I use a summit, or a summit, or a summit....... or I use a summit.. OH! and an old API Bowhunter. I gots summits stashed from one end of this county to the other, one on the porch and another in the back of the truck.


----------



## Jayin J (Oct 13, 2009)

I use Ameristep from BPS  weighs 22 lbs


----------



## Hankus (Oct 13, 2009)

Fat Cat, mostly open, and climbs the pines I hunt real well.


----------



## Tikki (Oct 13, 2009)

gorilla lock on stands with ameristep rapid rails.


----------



## Dennis (Oct 13, 2009)

Summit ss viper with mod. seat


----------



## BOFF (Oct 13, 2009)

Lone Wolf with the hand climber.
An earlier version of the Gorilla Silverback Magnum, and climbing sticks.


----------



## SOS (Oct 13, 2009)

For run and "gun" on public land or to try a new location, an open front Summit - can't remember which model name.  For my home hunting, ladderstands or lock-ons of various makes and climbing sticks.


----------



## Rare Breed (Oct 13, 2009)

May I suggest the Tree Saddle by trophy line they are very effective bow hunting tools.


----------



## bownarrow (Oct 14, 2009)

i'm with you RB, i mentioned the Tree Saddle above, just left out the company---heck, my first one was when it was still Greene's Tree Saddle but i do like this later one better.
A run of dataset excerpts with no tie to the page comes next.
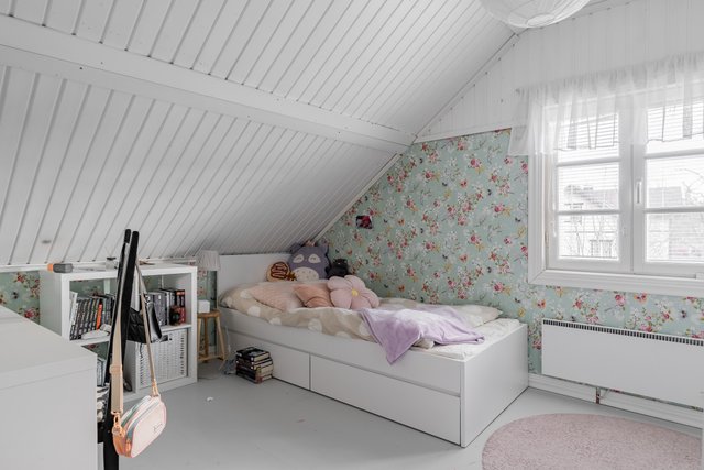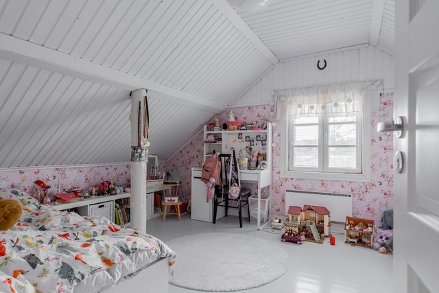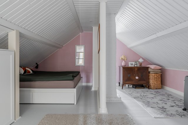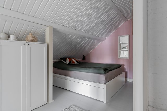 - Yläkerrassa kolme makuuhuonetta. Alakertaan mahdollista rakentaa neljäs, mikäli keittiön siirtää takaisin alkuperäiselle paikalleen olohuoneen viereen/yhteyteen.
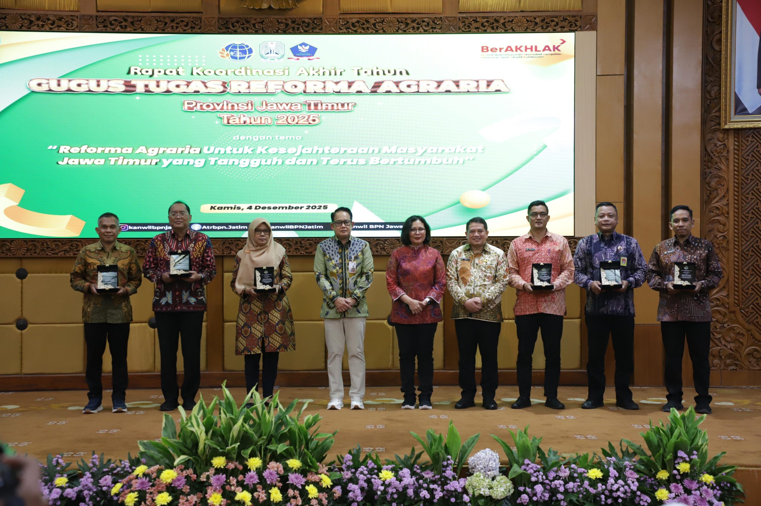 Dalam kesempatan itu, Kepala Kanwil BPN Jawa Timur sekaligus Ketua Pelaksana Harian GTRA Jatim, Dr. Asep Heri, S.H., M.H., QRMP, menegaskan bahwa rapat koordinasi ini menjadi momentum penting untuk mengkaji kembali capaian Reforma Agraria selama tahun 2025.
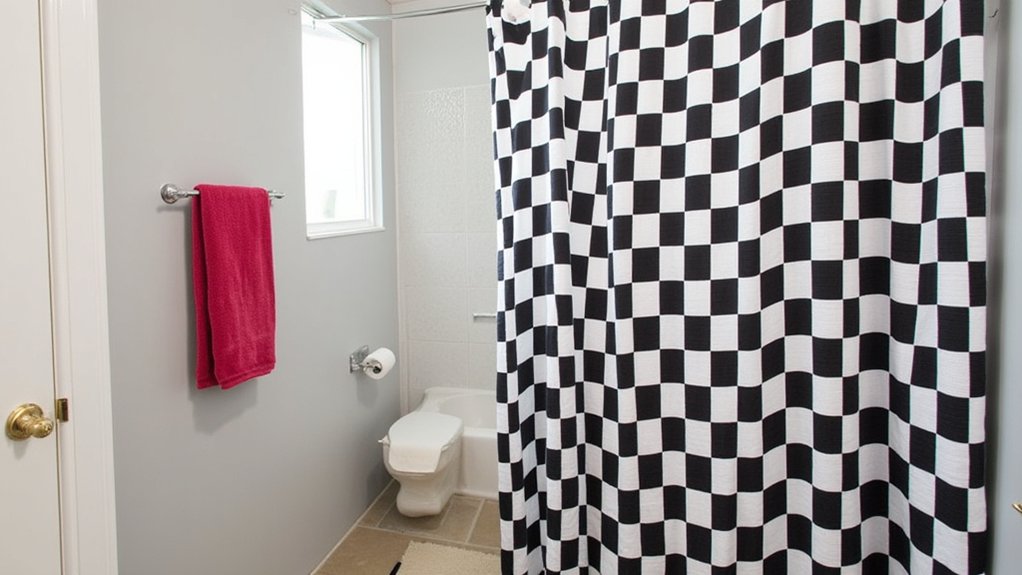 While minimalist designs offer calm, a retro checkerboard pattern brings bold energy to your guest bathroom. You can transform the space with this classic look that’s easy to install and style. Opt for a shower curtain, ideally 72×72 inches, in black-and-white checks for timeless appeal.
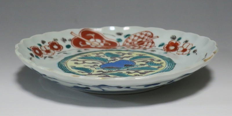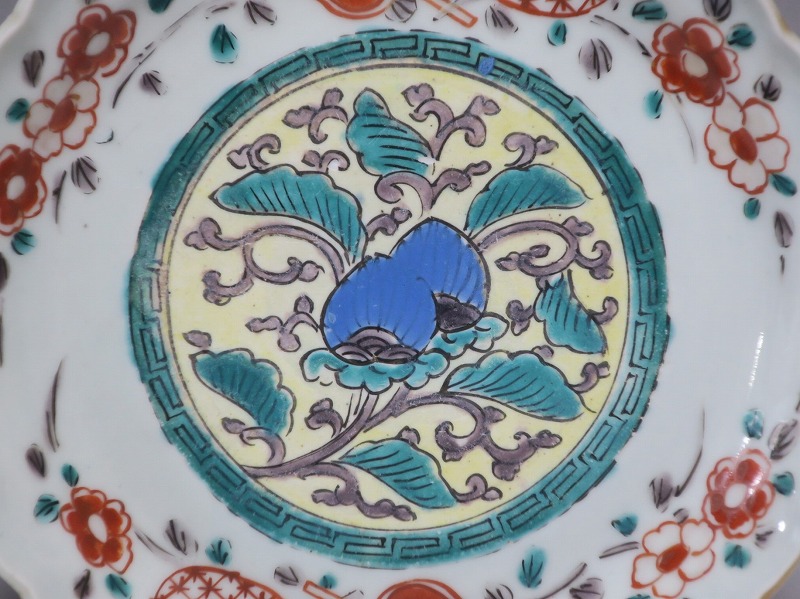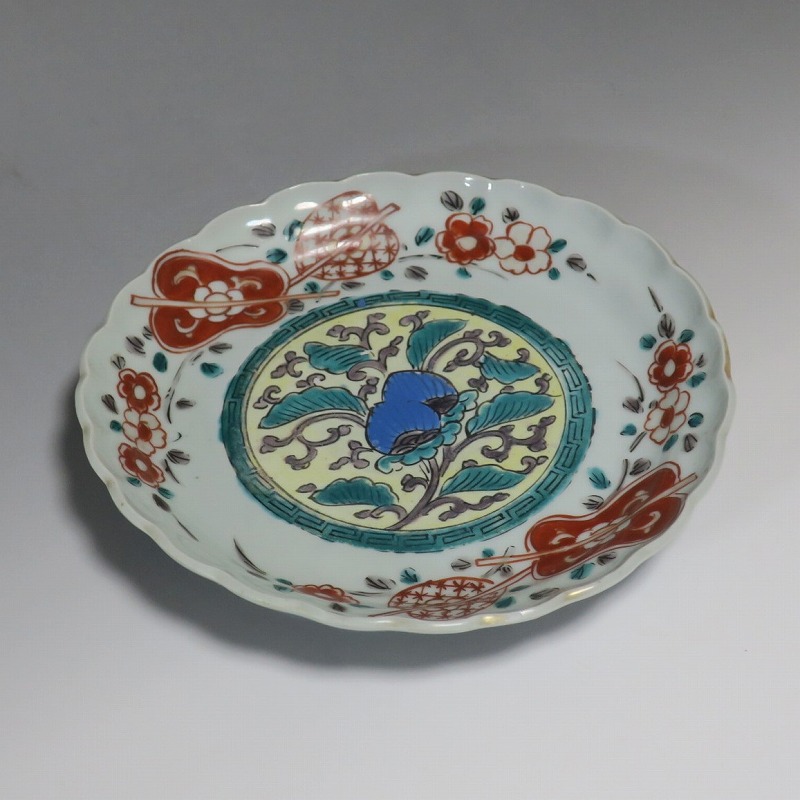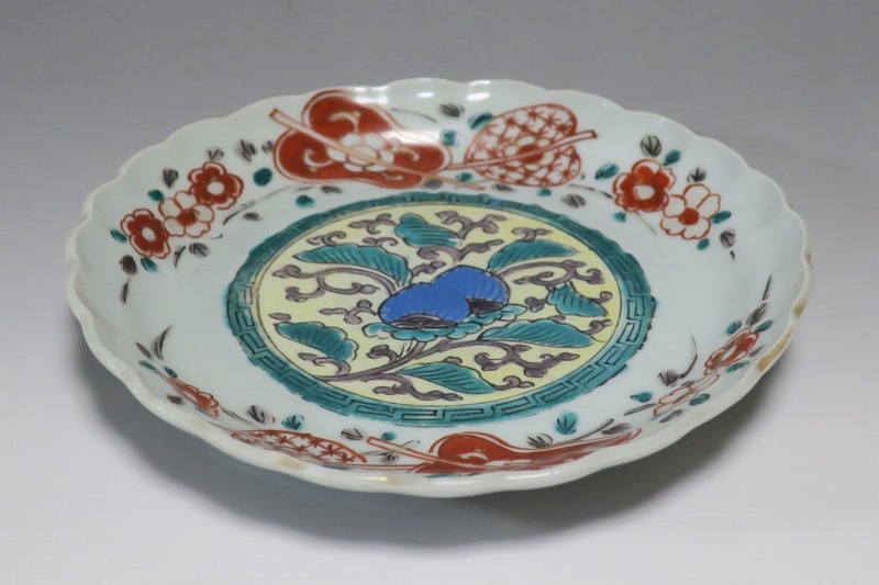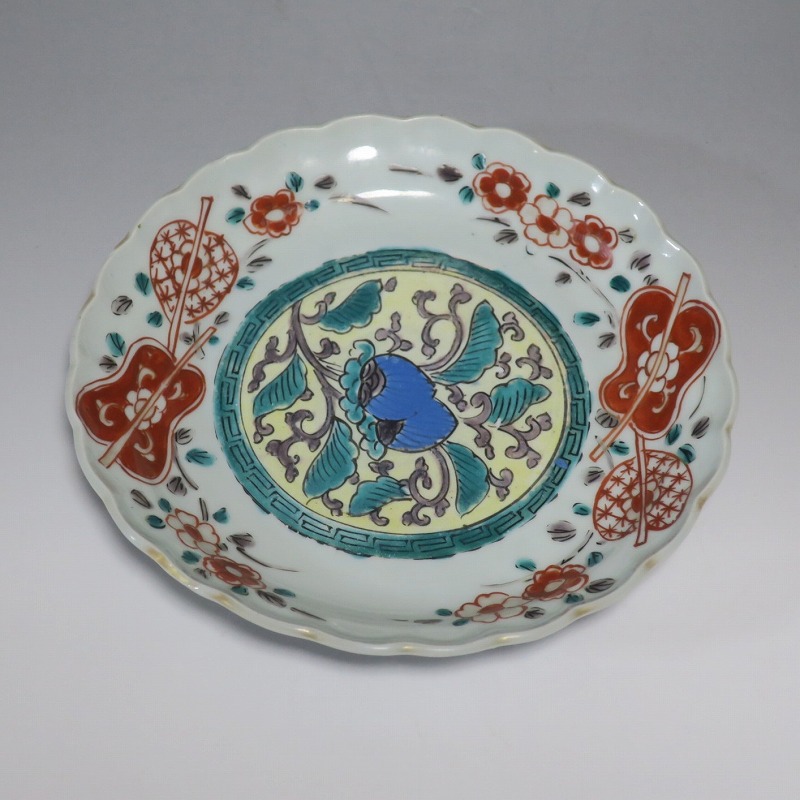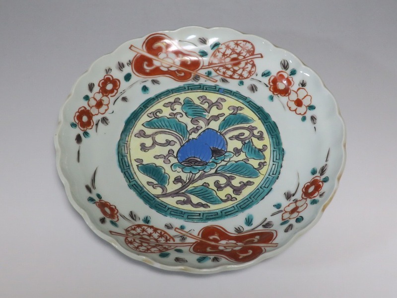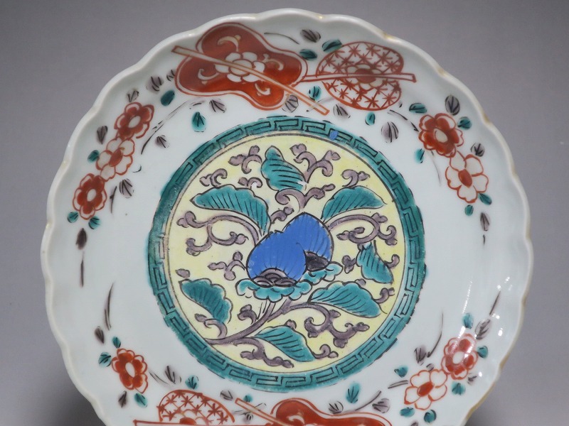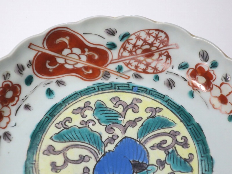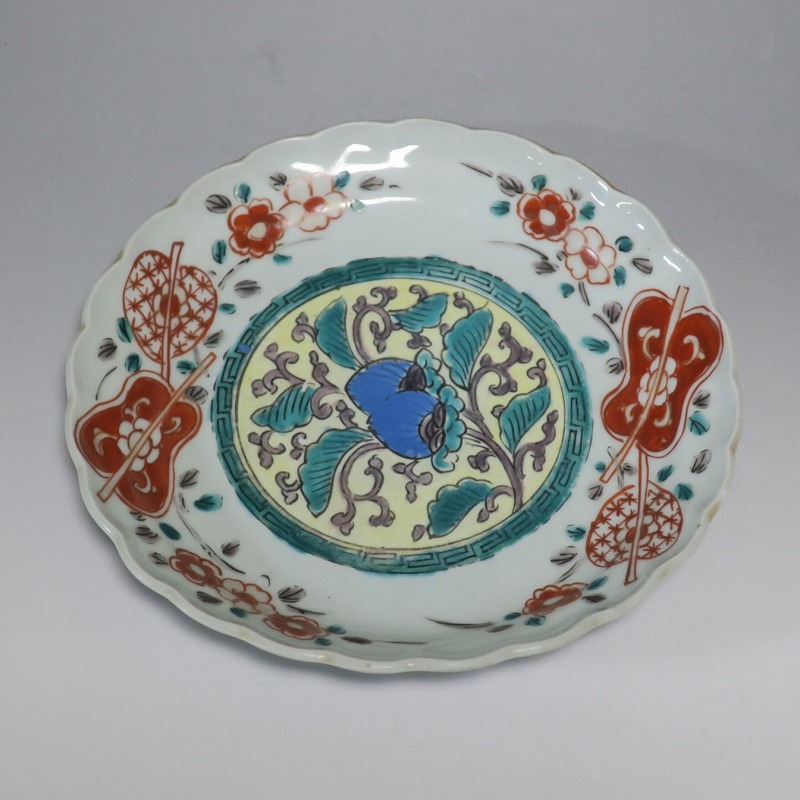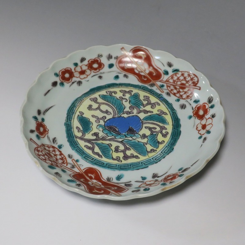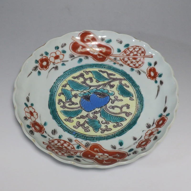 伊万里焼 色絵 葵 軍配文 六寸皿
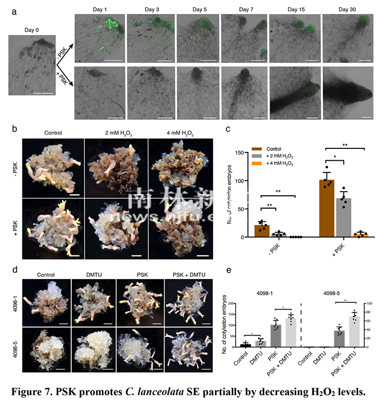 论文题为“A plant peptide hormone phytosulfokine promotes somatic embryogenesis by maintaining redox homeostasis in Cunninghamia lanceolata”,林21点基本策略 青年教师郝兆东博士和风景园林21点基本策略 青年教师吴华博士是论文共同第一作者,林21点基本策略 陈金慧教授和施季森教授是论文的共同通讯作者。该研究得到了福建省种业创新与产业化工程项目、福建省属公益类科研院所基本科研专项、国家自然科学基金、江苏省自然科学青年基金和江苏高校优势学科建设工程专项的联合资助。
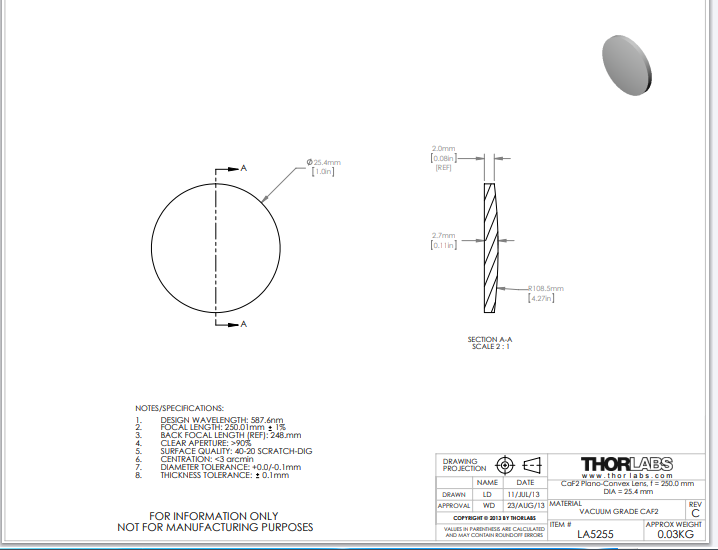 Thorlabs索雷博 LA5255 平凸透镜
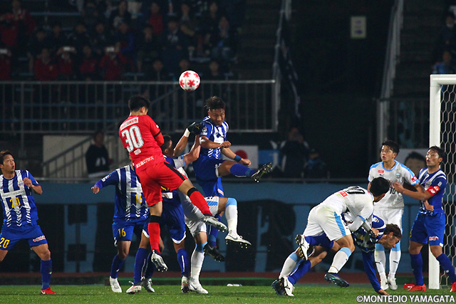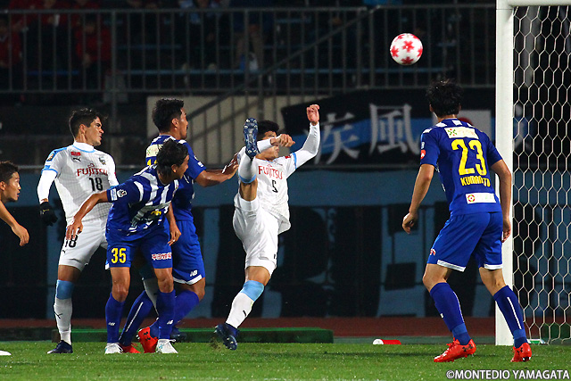 J1でも攻撃力の高さでは定評のある川崎フロンターレに対し自陣に押し込まれる時間が長くなるものの、ディフェンスリーダーの栗山直樹選手が中心となり、チームが一体となって奮闘します。
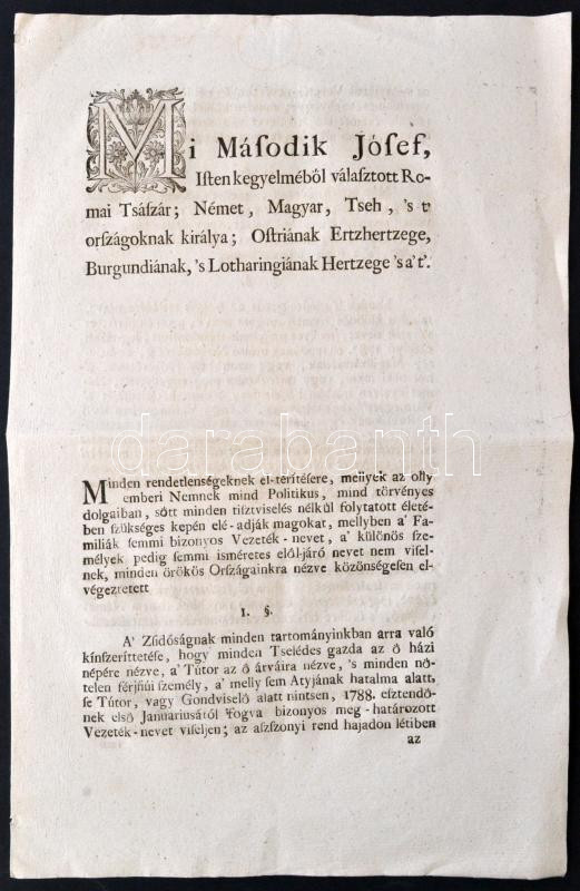 1787 II: Józsefnek a zsidók névviseléséről szóló rendelete, melyben kö... https://www.darabanth.com/hu/275-Gyorsarveres/275.0/Festmeny-mutargy-papirregiseg-egyeb/Judaika~200245/1787-II-Jozsefnek-a-zsidok-nevviseleserol-szolo-rendelete-melyben-kotelezi-oket-nemet-n~II1405785

They're the ultimate run-and-gun stands and work great for those trips way back in the timber


----------



## Husky Bottoms (Oct 15, 2009)

I have an old summit viper, when they had blow up seats and no fornt rail, kinda like what they call an open shot now, but a ton more comfortable, Love that thing!!!


----------



## RogerB (Oct 15, 2009)

I have both Summit Vipers and Ole' Man tree stands. The Summit is more comfortable (but not much) but the Ole' Man is easier to shoot a trad bow from. The way the side bars fold in next to the tree and the fact that the seat doesn't sit as low gives the Ole' Man more clearance.
If a animal is close, requiring much of a downward angle, they both require leaning out a good bit.
I used to hunt from a Loggy Bayou, which I used to say was the best bow hunting stand made. Now that I am more prone to sleeping on the stand, I just don't feel comfortable without something around me.


----------



## Rare Breed (Oct 15, 2009)

bownarrow said:


> i'm with you RB, i mentioned the Tree Saddle above, just left out the company---heck, my first one was when it was still Greene's Tree Saddle but i do like this later one better. They're the ultimate run-and-gun stands and work great for those trips way back in the timber



The Green family still owns and runs Trophy line it's just a new name and your right the new one's are light years ahead of the old leather ones. I started hunting out of these after I started hunting in the mid west. With very few trees to climb or hang a lock-on they are really (and the alike stands) are my only options and now I absolutely love them, you are always in a shooting position and stand out alot less than climbers and lock-ons. They truly give the bow hunter the upper hand.


----------



## HCA59 (Oct 17, 2009)

Summit Viper Classic


----------



## John Cooper (Oct 23, 2009)

just got a new to me loc-on windwalker and fixin to get some climbing spikes and belt and then some rope-on tree steps.........this will be my everything stand.


----------



## NCHillbilly (Oct 28, 2009)

I have an old Brent Hunt Whitetail climber that I've hunted out of for fifteen years or so, and an API. I like both of them.


----------